Names
- Full name: North Shore Football Netball Club
- Nickname: Seagulls

Club details
- Founded: 1927; 99 years ago
- Colours: Blue Gold
- Premierships: (17): 1938, 1939, 1948, 1974, 1976, 1977, 1980, 1981, 1983, 1990, 1993, 1995, 1996, 1997, 1998, 1999, 2000
- Ground: Windsor Park

Uniforms
| Home |

Other information
- Official website: northshoreseagulls.com.au

= North Shore Football Club (GFL) =

North Shore Football Club Inc, nicknamed the Seagulls, is an Australian rules football and netball club based in the suburb town of North Shore, Victoria.
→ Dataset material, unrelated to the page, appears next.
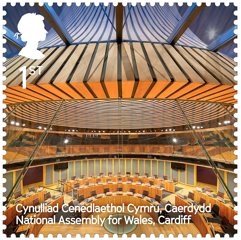Z Walesu se na nové britské známky dostala budova Velšského národního shromáždění, což je obdoba parlamentu s vymezenými místními legislativními pravomocemi. Velšské národní shromáždění sídlí v hlavním městě Cardiff v objektu Senedd (v překladu „Senát“), který byl postavený podle návrhu architekta Richarda Rogerse a zasedá se v něm od roku 2006.
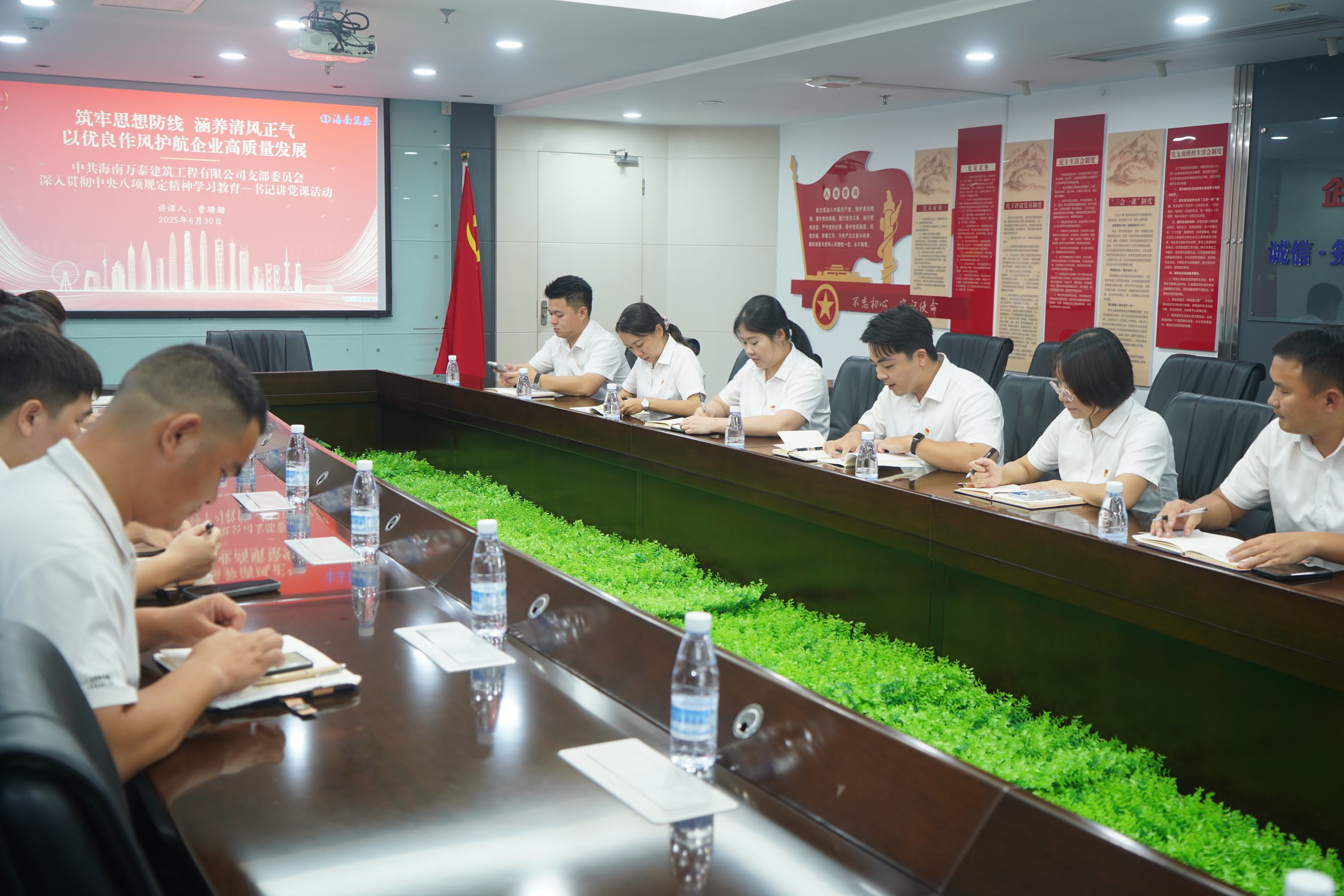 為深入貫徹中央八項規(guī)定精神學習教育,引導黨員干部學深悟透,6 月 30 日下午,海南萬泰公司黨支部在黨建會議室組織開展了深入貫徹中央八項規(guī)定精神學習教育暨書記講黨課活動。本次會議由黨支部書記曹珊珊主持,旨在進一步強化黨員干部的作風建設,推動公司高質量發(fā)展。支部黨員及入黨積極分子參加了本次活動。

The club teams currently compete in the Geelong Football Netball League, the premier league in Geelong.

==History==
The club was formed in 1927 and first tasted success with back to back flags in 1938 and 1939. After the Second World War the club spent many years in the Woolworths Cup competition of the Geelong & District Football League. Promoted to Division one from 1965 they then joined the Geelong Football League when that league was founded in 1979 and won six premierships in a row from 1995 to 2000.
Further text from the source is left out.